Ministra do Trabalho foi condenada em ação trabalhista
TRT condenou Cristiane Brasil a pagar R$ 60 mil para ex-motorista.
A atual ministra do Trabalho, Cristiane Brasil (PTB-RJ), foi condenada em uma ação trabalhista no ano de 2016. Ela deve que pagar uma multa de R$ 60,4 mil para o motorista que trabalhava para a gestora e sua família, conforme decisão do Tribunal Regional do Trabalho da 1ª Região (TRT1) confirmada em segunda instância. A gestora foi nomeada para o cargo nessa quinta-feira (04), após a saída de Ronaldo Nogueira.

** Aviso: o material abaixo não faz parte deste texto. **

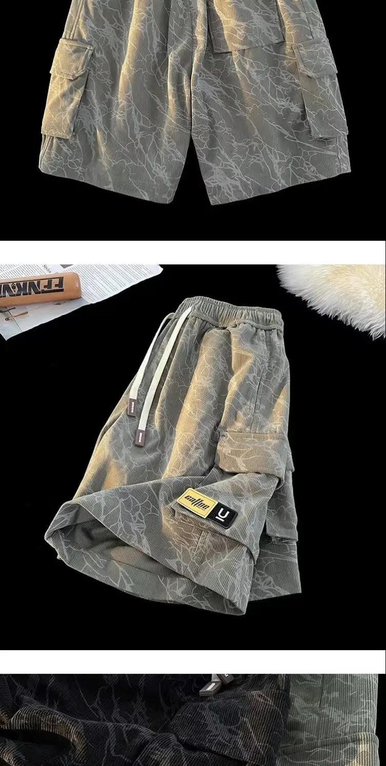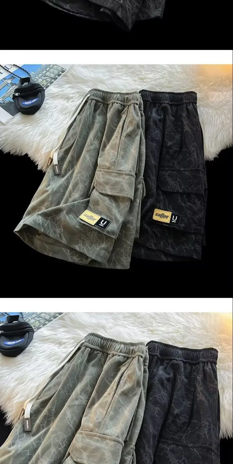 Working Shorts Men's 2025 New Summer Trendy American Functional Pants Loose Straight Five-point Pants Short Shorts for Man Jeans

Conforme informações do TRT apuradas pelo G1, o mérito do caso já foi julgado e a parlamentar pode recorrer o TST somente em relação ao valor da indenização, que pode ser alterado.
Segundo o juízo, o funcionário trabalhava sem carteira de trabalho assinada. Assim, deveria ter ganho de causa para receber gratificações como férias, aviso prévio e gratificações natalinas.

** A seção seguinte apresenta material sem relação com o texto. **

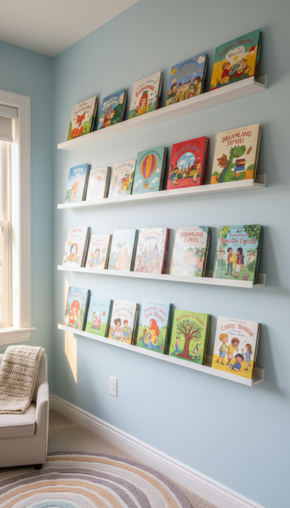 Bookshelves can be deep and intrusive. Floating picture ledges, however, have a very slim profile. By installing them on an empty wall, you can display books with their covers facing out. This saves space and turns the book covers into vibrant wall art, encouraging your child to read more often.

- Foto: Luis Macedo/Câmara dos Deputados
Deputada Cristiane Brasil (PTB).
O juiz Pedro Figueiredo Waib, que condenou em primeira instância, afirmou que a carga horária do motorista era de cerca de 15h por dia, exercendo a função das 6h30 às 22h, de segunda a sexta, com uma hora de intervalo intrajornada.
Em contrapartida, Cristiane Brasil afirma que o motorista exercia apenas trabalho eventual e que "não era e nem nunca foi seu empregado". Ela o conheceu quando trabalhava na Câmara dos Vereadores e disse que tinha relação comercial, sem “exclusividade e subordinação". Em nota, disse que respeita a decisão.
Na sentença de julho de 2017, a dívida de R$ 60 mil foi abatida com penhoras e custava, à época, R$ 52 mil. Conforme o processo, Cristiane não havia comprovado o pagamento integral até o mês de outubro.
Carga horária pesada
O motorista Fernando Fernandes afirma que trabalhou entre 2012 e 2014, exclusivamente para a gestora das 6h30 às 22h. Ele levava as crianças ao médico, escola, psicólogos ou até mesmo "baladas".
Recebia R$ 1 mil em espécie e outros R$ 3 mil na conta para levar as empregadas da deputada às compras e ficar à disposição da patroa. Em um dos anos, narra, teria folgado somente aos domingos.
Ainda assim, o nome da parlamentar não consta no Banco Nacional de Devedores Trabalhistas do Tribunal Superior do Trabalho. O TRT não se pronunciou sobre o assunto. A defesa de Cristiane Brasil informou que não houve a inclusão na lista porque bens da ministra foram penhorados e o processo, já transitado em julgado, aguarda a execução de novos bens.
Outros processos
Houve outro motorista que entrou com um processo contra a gestora. Leonardo Eugêncio de Almeida Moreira. Mas dessa vez, a deputada se comprometeu a pagar R$ 14 mil, em parcelas de R$ 1 mil, além de assinar a carteira de trabalho.